[TASK OBJECTIVE] Copy the listing below in full and skip every picture.
*** INPUT DATA ***
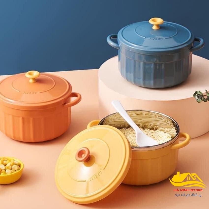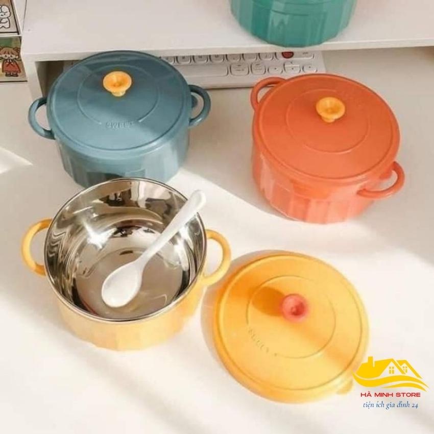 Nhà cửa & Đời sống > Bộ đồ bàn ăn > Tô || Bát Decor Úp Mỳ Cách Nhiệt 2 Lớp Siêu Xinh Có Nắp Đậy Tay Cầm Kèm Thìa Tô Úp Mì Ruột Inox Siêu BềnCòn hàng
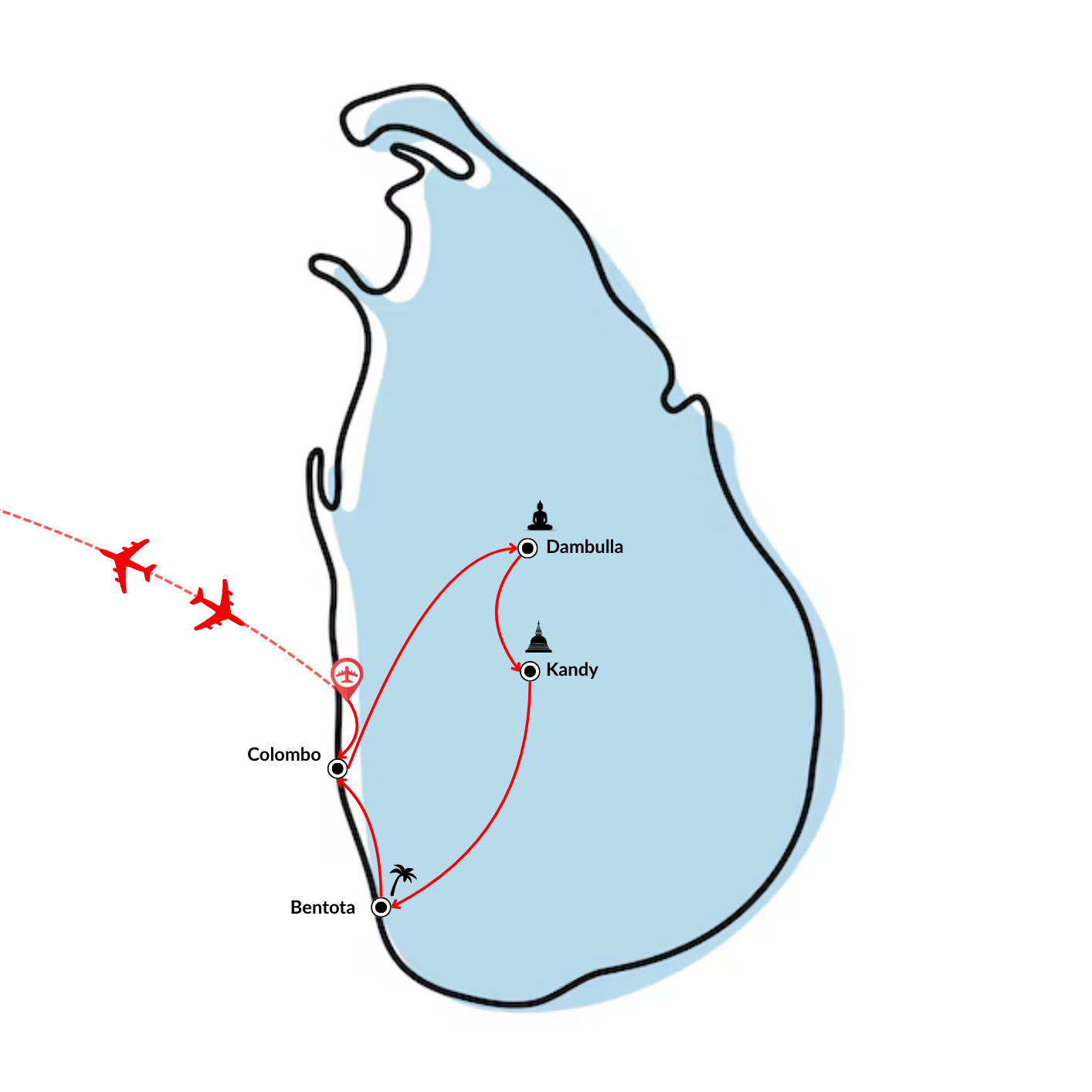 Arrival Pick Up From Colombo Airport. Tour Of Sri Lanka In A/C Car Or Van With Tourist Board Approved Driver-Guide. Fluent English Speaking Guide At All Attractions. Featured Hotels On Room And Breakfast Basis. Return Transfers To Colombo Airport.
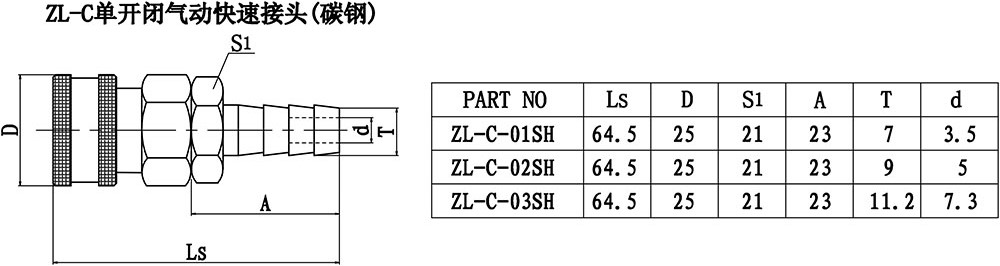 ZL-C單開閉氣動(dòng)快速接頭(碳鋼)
***
[OUTPUT OF THE TASK]
 Nhà cửa & Đời sống > Bộ đồ bàn ăn > Tô || Bát Decor Úp Mỳ Cách Nhiệt 2 Lớp Siêu Xinh Có Nắp Đậy Tay Cầm Kèm Thìa Tô Úp Mì Ruột Inox Siêu BềnCòn hàng
 Arrival Pick Up From Colombo Airport. Tour Of Sri Lanka In A/C Car Or Van With Tourist Board Approved Driver-Guide. Fluent English Speaking Guide At All Attractions. Featured Hotels On Room And Breakfast Basis. Return Transfers To Colombo Airport.
 ZL-C單開閉氣動(dòng)快速接頭(碳鋼)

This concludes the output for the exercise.